# REQUIRED WORK
Within the entries below, output exactly the lines between the line containing "1788 – Arthur" and the line containing "Hàn Quốc dona24080801", inclusive, and omit any picture.

# SUPPLIED MATERIAL
Segment Open
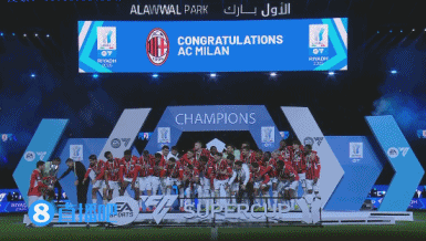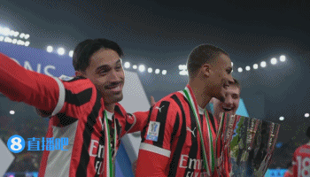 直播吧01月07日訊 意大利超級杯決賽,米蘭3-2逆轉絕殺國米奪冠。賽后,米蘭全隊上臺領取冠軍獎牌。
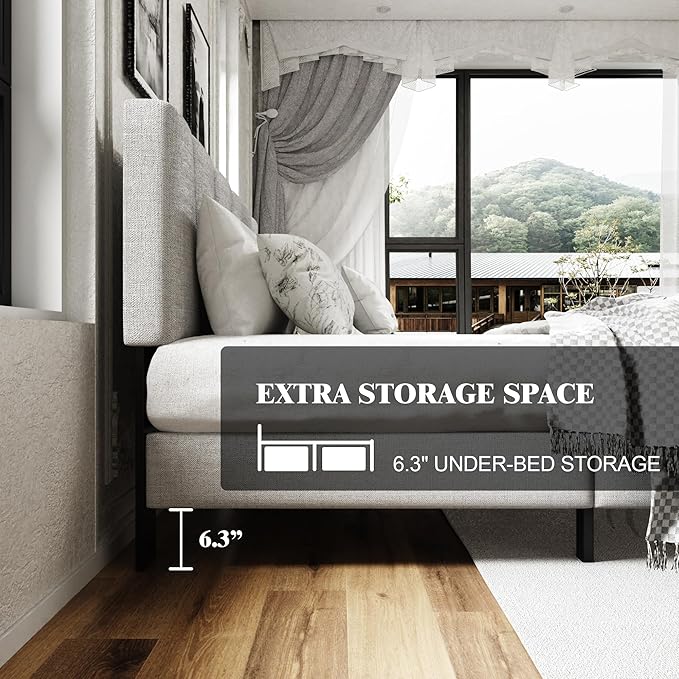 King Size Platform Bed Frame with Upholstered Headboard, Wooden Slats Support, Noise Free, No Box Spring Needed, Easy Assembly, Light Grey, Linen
Segment Closed
Segment Open
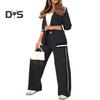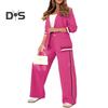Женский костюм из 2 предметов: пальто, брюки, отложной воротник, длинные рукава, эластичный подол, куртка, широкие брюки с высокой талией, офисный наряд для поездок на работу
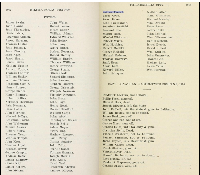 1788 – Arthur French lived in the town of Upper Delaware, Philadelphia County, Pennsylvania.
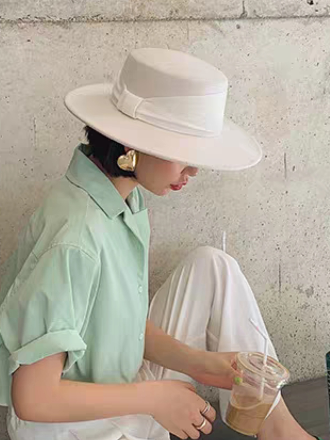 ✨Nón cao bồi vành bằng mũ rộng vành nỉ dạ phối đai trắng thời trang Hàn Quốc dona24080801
Segment Closed
Segment Open
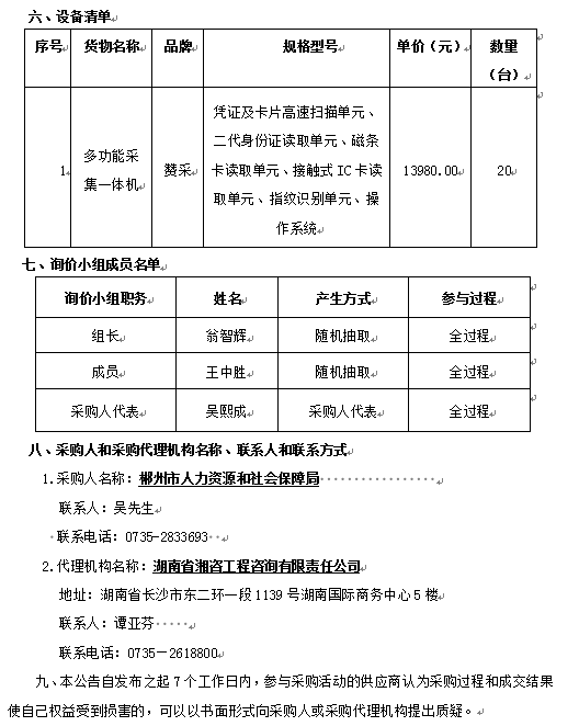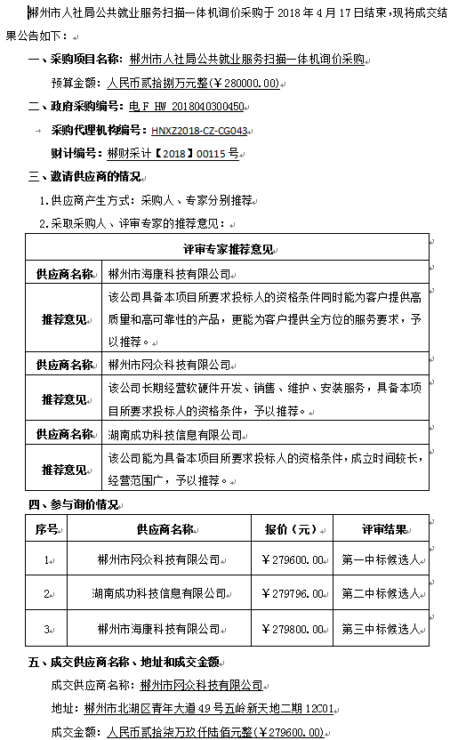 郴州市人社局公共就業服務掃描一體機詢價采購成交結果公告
Segment Closed
# ANSWER SECTION
 1788 – Arthur French lived in the town of Upper Delaware, Philadelphia County, Pennsylvania.
 ✨Nón cao bồi vành bằng mũ rộng vành nỉ dạ phối đai trắng thời trang Hàn Quốc dona24080801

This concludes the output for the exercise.